John Dewey, reflecting on the growth in the bureaucracy of the university and the way it interferes with teaching and learning:
The university must expand in order to be true to itself, and to expand it must have money. The danger is that means absorb attention and thus possess the value that attaches alone to the ultimate educational end. The public mind gives an importance to the money side of educational institutions which is insensibly modifying the standard of judgment both within and without the college walls. _ The great event in the history of an institution is now likely to be a big gift, rather than a new investigation or the development of a strong and vigorous teacher. Institutions are ranked by their obvious material prosperity, until the atmosphere of money-getting and moneyspending hides from view the interests for the sake of which money alone has a place. The imagination is more or less taken by the thought of this force, vague but potent; the emotions are enkindled by grandiose conceptions of the possibilities latent in money. Unconsciously, without intention, the money argument comes to be an argument out of proportion, out of perspective. It is bound up in so many ways, seen and unseen, with the glory and dignity of the institution that it derives from association an importance to which it has in itself no claim.This vague potentiality, invading imagination and seducing emotion, checks initiative and limits responsibility. Many an individual who would pursue his straight course of action unhindered by thought of personal harm to himself, is deflected because of fear of injury to the institution to which he belongs. The temptation is attractive just because it does not appeal to the lower and selfish motives of the individual, but comes clothed in the garb of the ideals of an institution. Loyalty to an institution, esprit de corps, is strong in the university, as in the army and navy. A vague apprehension of bringing harm upon the body with which one is connected is kept alive by the tendency of the general public to make no distinction between an individual in his personal and his professional capacity. Whatever he says and does is popularly regarded as an official expression of the institution with which he is connected. All this tends to paralyze independence and drive the individual back into a narrower corner of work.
Harvey Silverglate, commenting on reactions to the NCAA sanctions against Penn State in the Sandusky matter:Moreover, new type of college administration has been called into being by the great expansion on the material side. A ponderous machinery has come into existence for carrying on the multiplicity of business and quasi-business matters without which the modern university would come to a standstill. This machinery tends to come between the individual and the region of moral aims in which he should assert himself. Personality counts for less than the apparatus thru which, it sometimes seems, the individual alone can accomplish anything. Moreover, the minutiae, the routine turning of the machinery, absorb time and energy. Many a modern college man is asking himself where he is to get the leisure and strength to devote himself to his ultimate ends, so much, willy-nilly, has to be spent on the intermediate means. The side-tracking of personal energy into the routine of academic machinery is a serious problem. -- "Academic Freedom," 1902.

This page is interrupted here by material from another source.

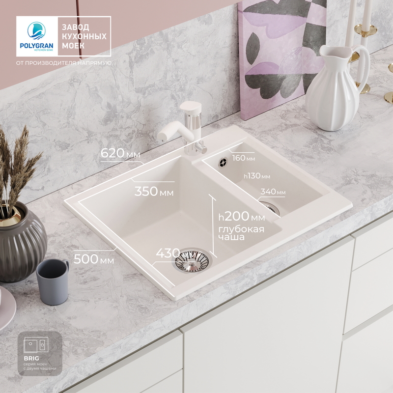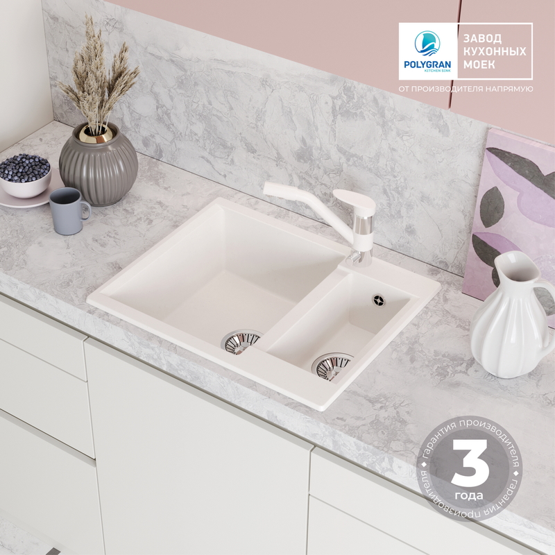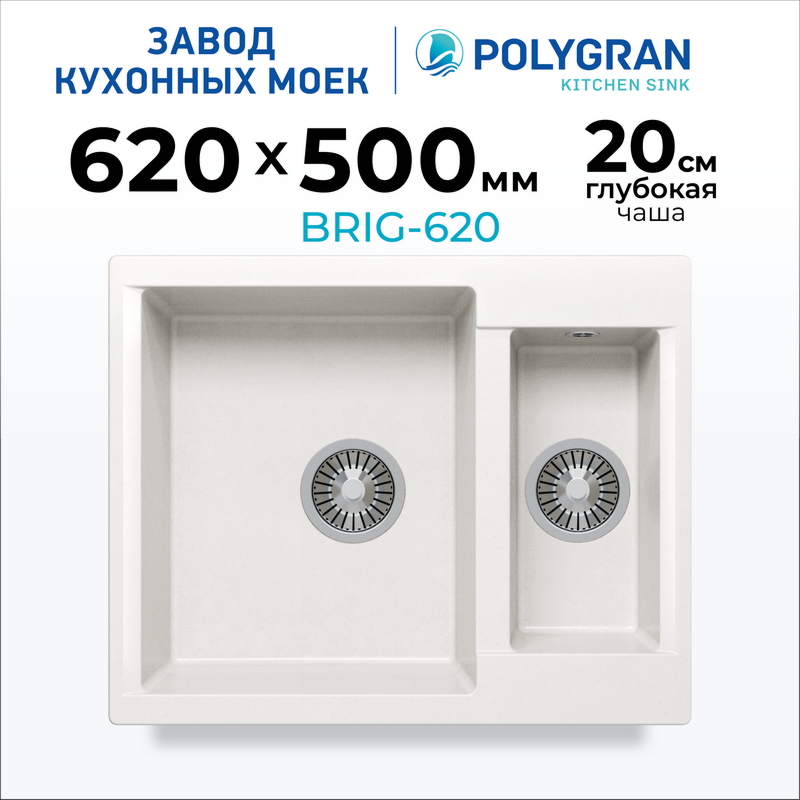 Мойка кухонная POLYGRAN BRIG 620 (белый хлопок №36)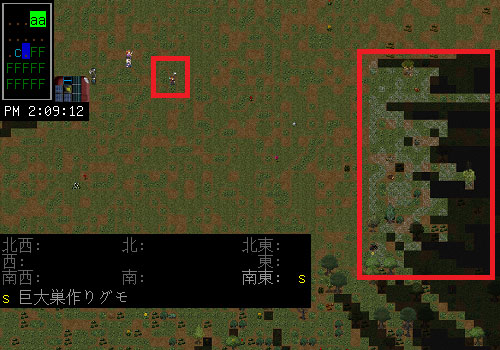 蜘蛛の巣を除去は『s』コマンドでぶん殴ればいいので簡単だ。しかし、NPCは蜘蛛の巣を払ってくれないので非常に面倒くさい。そのうちボスみたいな巨大グモが出現するんじゃないの?

But morality, not to mention common sense, plays little part in the functioning of our modern universities. The role of academic administrators these days - and this has been true for much of the past 25 years - is to prevent criticism of the institution. This has resulted in the growth of huge public relations infrastructures that team up with fund-raising ("development") infrastructures. General Counsels have taken charge of much that goes on at the modern university. At their order, universities operate largely on this theory of "risk reduction" - that is to say, things are done not because they are right, nor because they enhance the institution's educational or scholarly missions. Instead, they are done to protect the institution's reputation, to protect the jobs of the administrators (for whom general counsel works), to keep the institution from losing government funds, and to keep the institution from getting sued. Truth, principle, and the education and welfare of young people have little to do with it. … The modern administrative university is a business machine without a soul. It is an administrative fiefdom that operates outside of the sights and controls of its governing boards or its alumni, with the primary goal of avoiding criticism.